Comment: Embassy particularly impressed with Sato eagerness to be informed on U.S. relations with what he considers three great powers of Europe, and we hope Secretary will include appropriate time on that subject. Critique of de Gaulle visit to Moscow will undoubtedly be at top of Sato’s list.
Reischauer
  1. Source: National Archives and Records Administration, RG 59, Central Files 1964–66, POL JAPAN–US. Secret; Limdis; Priority. Repeated to Taipei for Rusk and Bundy.
  2. In telegram 3687 to Tokyo, June 22, Bundy notified Reischauer that SIG policy papers on U.S.-Japan Overall Relationship, U.S.-Japan Security Treaty, and the Japanese Defense Forces had been approved and that he should begin carrying out the actions they outlined. (Ibid.)
  3. Reference is to “The U.S.-Japan Overall Relationship,” May 27. (Ibid., S/PC Files: Lot 72 D 139, Country Files)

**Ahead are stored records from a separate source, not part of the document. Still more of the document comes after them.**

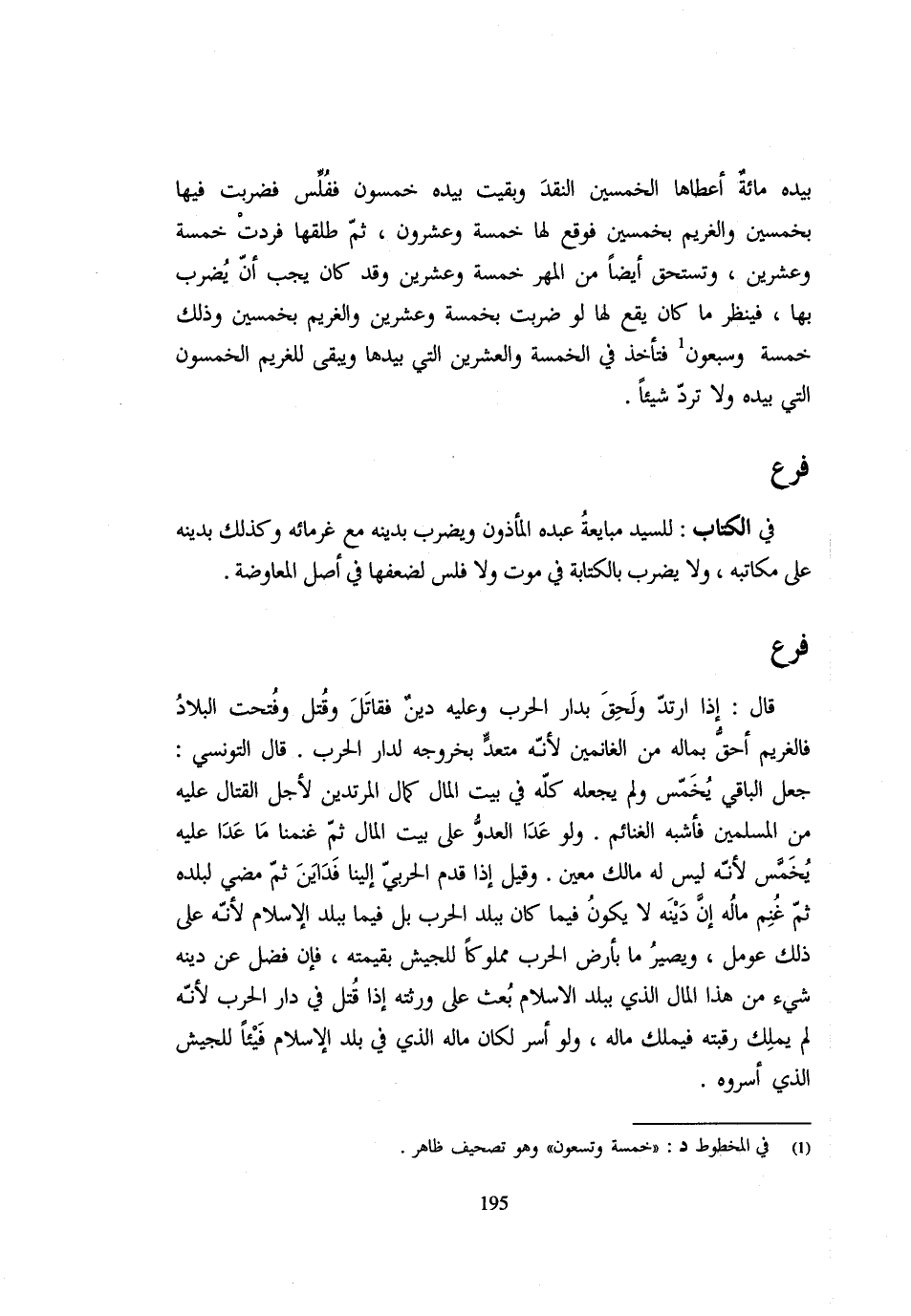 قَالَ إِذَا ارْتَدَّ ولحِقَ بِدَارِ الْحَرْبِ وَعَلَيْهِ دينٌ فقاتَل وقُتل وفُتحت الْبِلَادُ فَالْغَرِيمُ أحقُّ بِمَالِهِ مِنَ الْغَانِمِينَ لِأَنَّهُ متعدٍّ بِخُرُوجِهِ لِدَارِ الْحَرْبِ قَالَ التُّونُسِيُّ: جَعَلَ الْبَاقِيَ يُخَمّس وَلَمْ يَجْعَلْهُ كُلَّهُ فِي بَيْتِ الْمَالِ كَمَالِ الْمُرْتَدِّينَ لِأَجْلِ الْقِتَالِ عَلَيْهِ مِنَ الْمُسْلِمِينَ فَأَشْبَهَ الْغَنَائِمَ وَلَوْ عَدَا الْعَدُوُّ عَلَى بَيْتِ الْمَالِ ثُمَّ غَنِمْنَا مَا عَدَا عَلَيْهِ يُخَمّس لِأَنَّهُ لَيْسَ لَهُ مَالِكٌ مُعَيَّنٌ وَقِيلَ إِذَا قَدِمَ الْحَرْبِيُّ إِلَيْنَا فداينَ ثُمَّ مَضَى لِبَلَدِهِ ثُمَّ غُنم مَالُهُ إنَّ دَينه لَا يَكُونُ فِيمَا كَانَ بِبَلَدِ الْحَرْبِ بَلْ فِيمَا بِبَلَدِ الْإِسْلَامِ لِأَنَّهُ عَلَى ذَلِكَ عُومِلَ وَيَصِيرُ مَا بِأَرْضِ الْحَرْبِ مَمْلُوكًا لِلْجَيْشِ بِقِيمَتِهِ فَإِنْ فَضَلَ عَنْ دَيْنِهِ شَيْءٌ مِنْ هَذَا الْمَالِ الَّذِي بِبَلَدِ الْإِسْلَامِ بُعث عَلَى وَرَثَتِهِ إِذَا قُتل فِي دَارِ الْحَرْبِ لِأَنَّهُ لَمْ يَمْلِكْ رَقَبَتَهُ فَيَمْلِكَ مَالَهُ وَلَوْ أُسِرَ لَكَانَ مَالُهُ الَّذِي فِي بلد الْإِسْلَام فَيْئا للجيش الَّذِي أسروه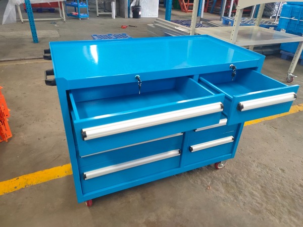 8、工具柜柜顶可选配置物框,内衬有防油胶垫,保护柜顶和物品。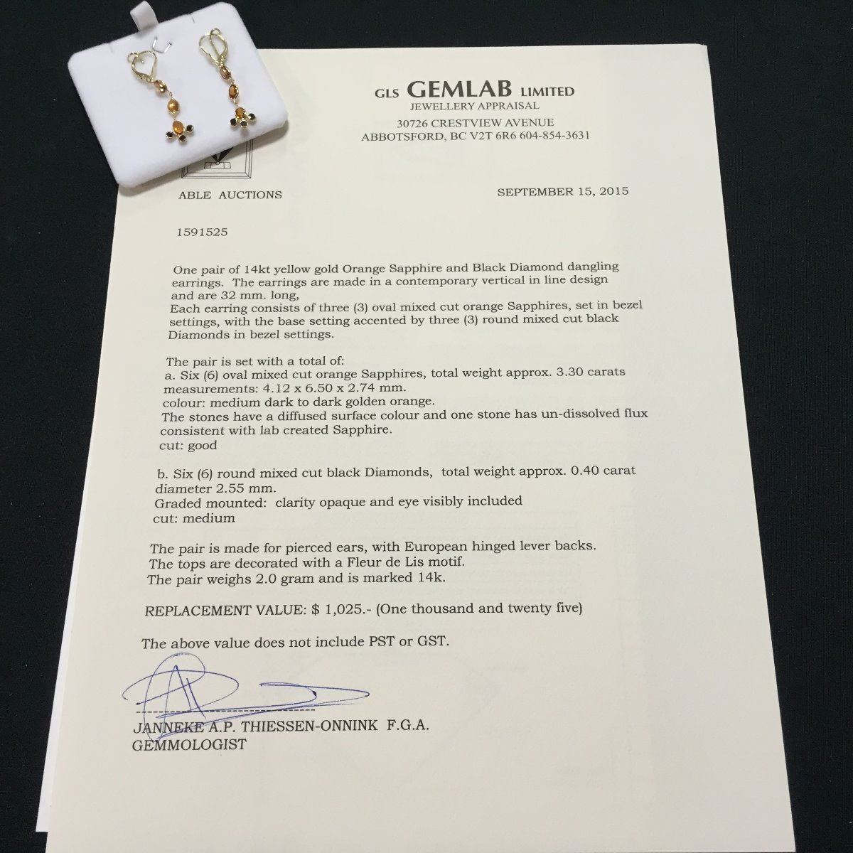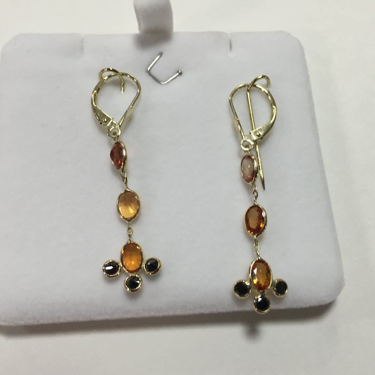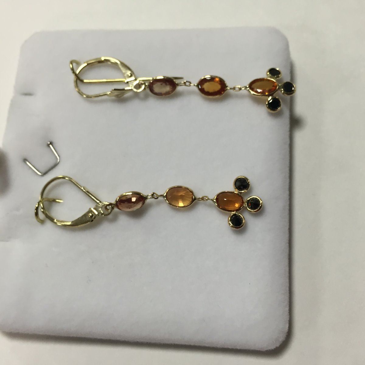 ONE PAIR OF 14KT YELLOW GOLD ORANGE SAPPHIRE AND BLACK DIAMOND DANGLING EARRINGS WITH A TOTAL OF 6 SAPPHIRES, APPROX 3.30CARATS AND 6 BLACK DIAMONDS, APPROX 0.40CARAT REPLACEMENT VALUE $1025
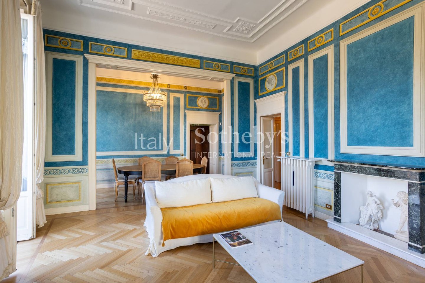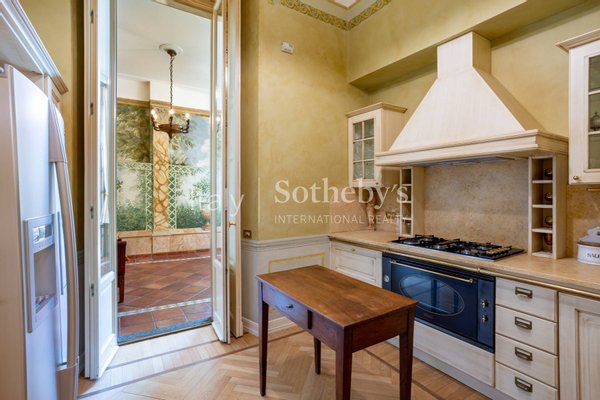 The apartment, located on the first floor of an elegant building, overlooks the charming town's lakefront. The finely restored frescoes that characterize the property decorate the walls, transporting guests to a bygone era of great artistic splendor. The herringbone flooring, a rare and prized feature, conveys an impression of opulence and sophistication with every step. The luxurious marble-clad bathrooms, embellished with gold details, offer an experience of unparalleled well-being and comfort. The main living room welcomes with its majesty, offering generous spaces for relaxation and entertainment. The grand entrance hall, with its sumptuous decorations, creates an impression of prestige from the first moments.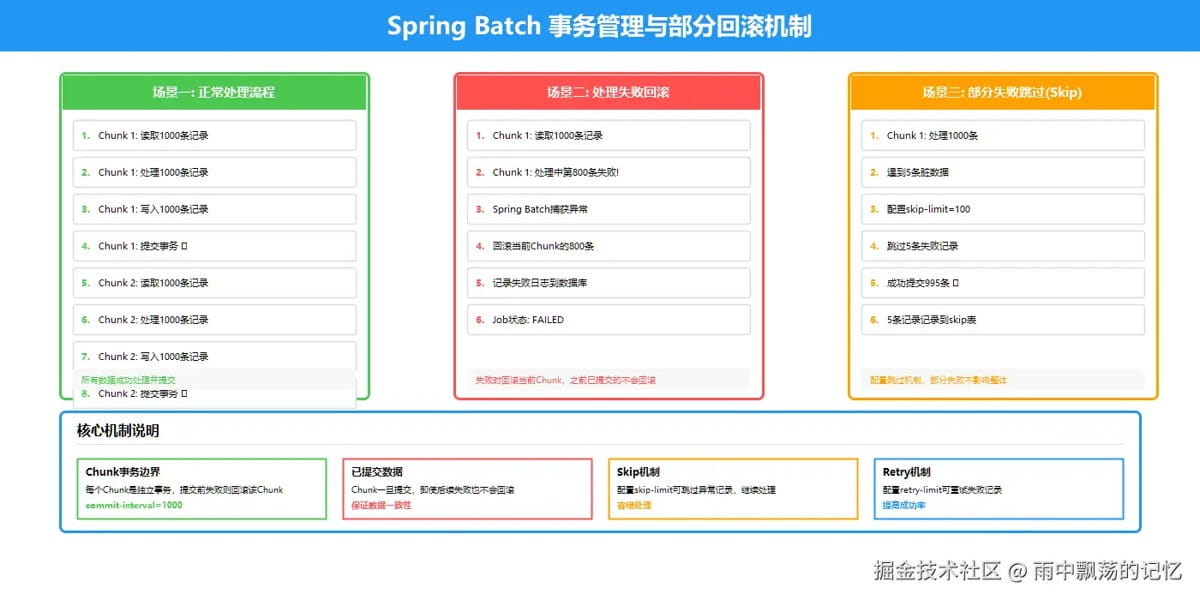 想象一下:你需要处理50万笔工资代发,如果第49万笔记录因为银行卡号错误而失败,在没有部分回滚机制的情况下,前面489,999笔已成功处理的数据会全部回滚!这对于业务来说是不可接受的。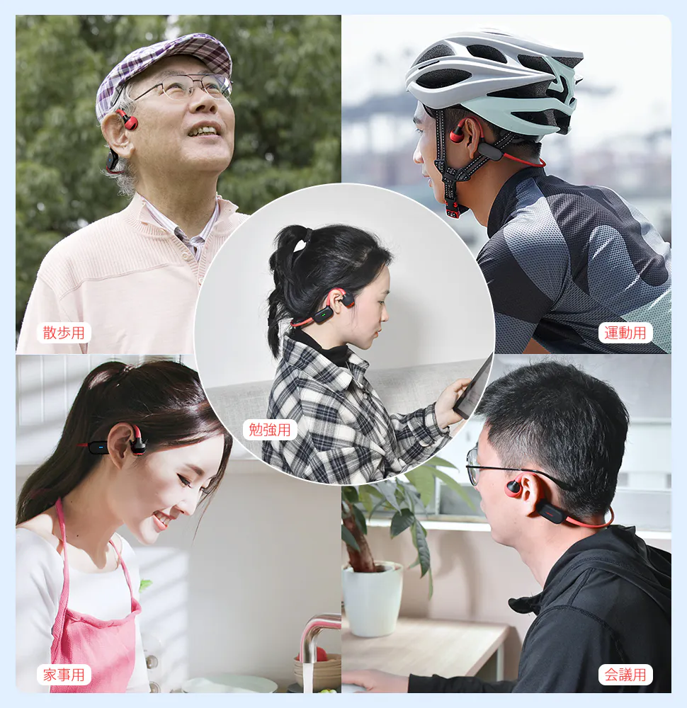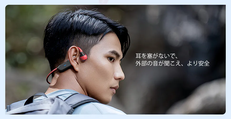 耳を塞がず、骨を振動させて音を伝達する仕組みです。

  4. Paragraph 13 of the paper “U.S.-Japan Security Treaty,” May 27, contained a list of recommended actions for Reischauer to implement, namely, to inform Sato of the U.S. commitment to maintaining the treaty without revisions and to request that the Japanese Government declare its intention to renew the treaty. (Ibid.)
  5. President Johnson explained in a letter presented to Sato on June 23 that the bombing raids on rail and road bridges had been resumed to disrupt North Vietnamese supply lines, which had been expanded during the bombing pause in December and January. (Telegram 3691 to Tokyo, June 22; ibid., Central Files 1964–66, POL 27 VIET S)
  6. Rusk visited Japan July 4–7 to attend the U.S.-Japan Joint Committee on Trade and Economic Affairs held in Kyoto. On July 6 and 7 Rusk discussed a broad range of topics with Shiina. On July 7 Rusk went to Tokyo and met with Sato. In addition to visiting Japan, Rusk traveled to Australia, the Philippines, the Republic of China, and the Republic of Korea during his official visit to the Far East between June 25 and July 9. Documentation on Rusk’s trip to Japan is ibid., POL JAPAN–US, POL CHICOM–JAPAN, POL JAPAN–KOR S, POL 19 RYU IS, DEF 4 JAPAN–US, DEF 12 CHICOM, E 1 JAPAN–US, and FT 1 JAPAN–US.
  7. During their meeting on July 7, Sato briefly mentioned the court cases to Rusk, who agreed to look into the matter after returning to Washington. (Memorandum of conversation; ibid., POL 19 RYU IS) At issue were the so-called “Mackerel” case, involving a HICOM ordinance taxing imported mackerel, and the Timori case, questioning an ordinance establishing qualifications for elected officials. The USCAR Court issued its verdicts on both cases on December 2. The verdict in the “Mackerel” case upheld the HICOM ordinance and garnered little comment. The verdict in the more highly publicized Timori case attracted attention because the USCAR Court decision seemingly granted GRI courts the right to challenge the validity of HICOM ordinances. Soon after the verdict was announced, HICOM repealed the ordinance, a long-planned action having no relationship to the verdict but nevertheless granting GRI authorities jurisdiction over qualifications of the Islands’ elected representatives. (Airgram A–761 from Tokyo, December 9; ibid., POL 2–1 JAPAN) Additional documentation pertaining to the cases is ibid., POL 19 RYU IS.